Both a low back sprain and low back strain involve protective muscular spasming, as does most every other condition of the low back. Therefore strains and sprains need to be differentially diagnosed/assessed from these other conditions. The first differential assessment to be made is to determine if the client/patient is simply experiencing a low back spasm. Very often, when a patient’s/client’s low back “goes out,” there is no actual tissue tearing, in other words, there is no actual strain or sprain. Rather, a muscle spindle stretch reflex has been triggered due to overstretching while bending forward, and the low back musculature has gone into spasm. Low back spasms will present similarly to a strain in that they will show positively to active SLR; and the associated muscles will also be tender/painful when palpated. Myofascial trigger points (TrPs) may also present similarly to a muscle strain. However, muscle spasms and TrPs do not usually present with inflammation. Also, even though a muscle spasm may occur suddenly during a motion such as bending over or picking up an object, the client/patient will not usually recall feeling a “pop.” Often the definitive differential assessment between a muscle strain and simple muscle spasm is that the spasm resolves much more quickly and usually resolves 100% in time.

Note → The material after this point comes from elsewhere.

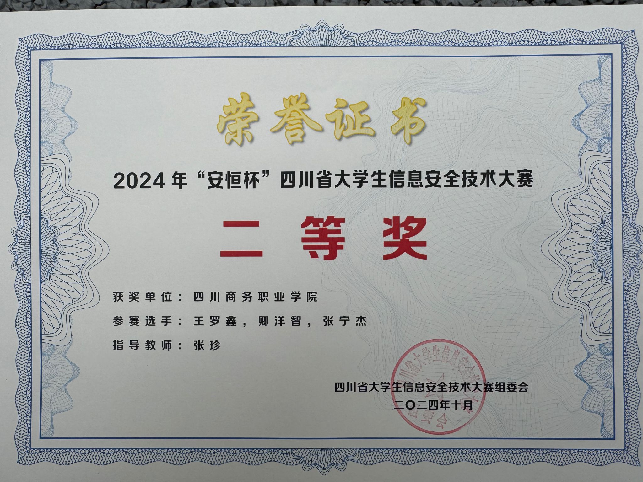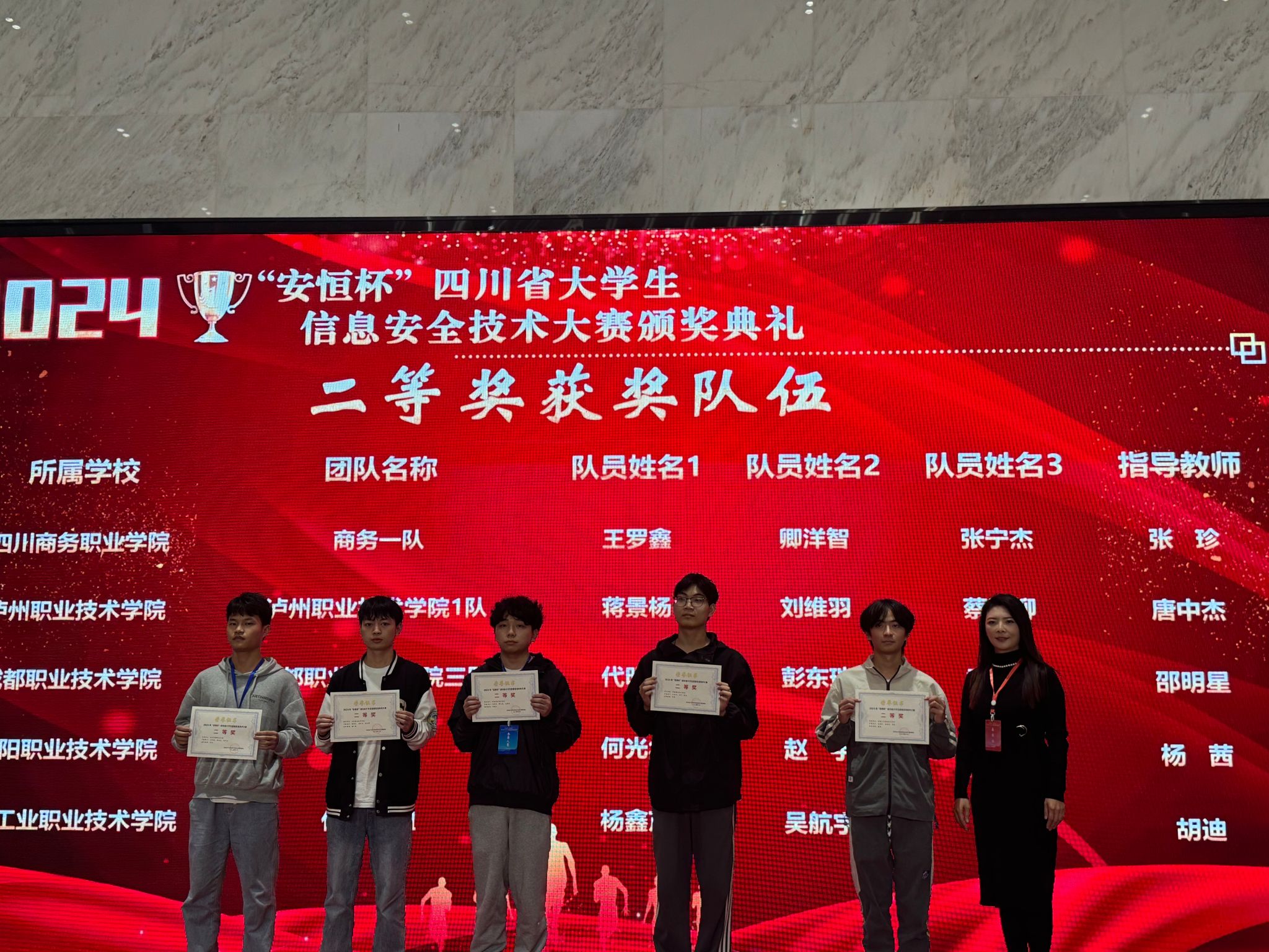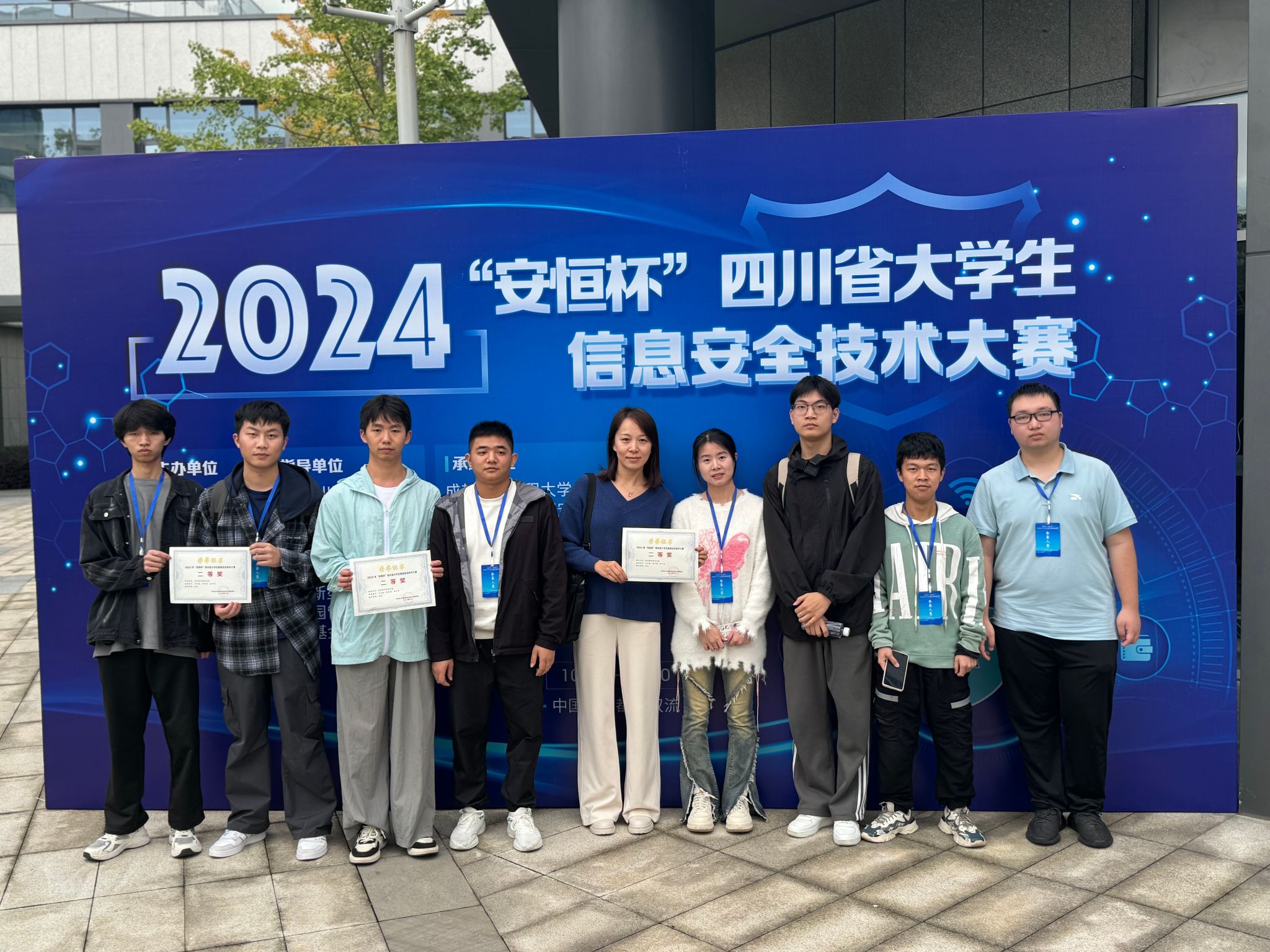 2024年10月,由四川省教育厅主办,中共四川省委网信办和四川省公安厅协办的2024年“安恒杯”四川省大学生信息安全技术大赛在成都信息工程大学双流新型产业学院举行,开元官网信息技术系组织了3支队伍9名学生参赛,最终由张珍老师指导的商务一队斩获二等奖。

It is also important to determine if the client/patient is suffering from a more serious condition such as a bulging or herniated disc. Pathologic discs are also assessed with SLR, but the criterion for a disc condition is not simply local low back pain, but pain referral into the lower extremity. Strains and sprains should also be differentially assessed from other low back conditions such as facet syndrome and arthritic conditions.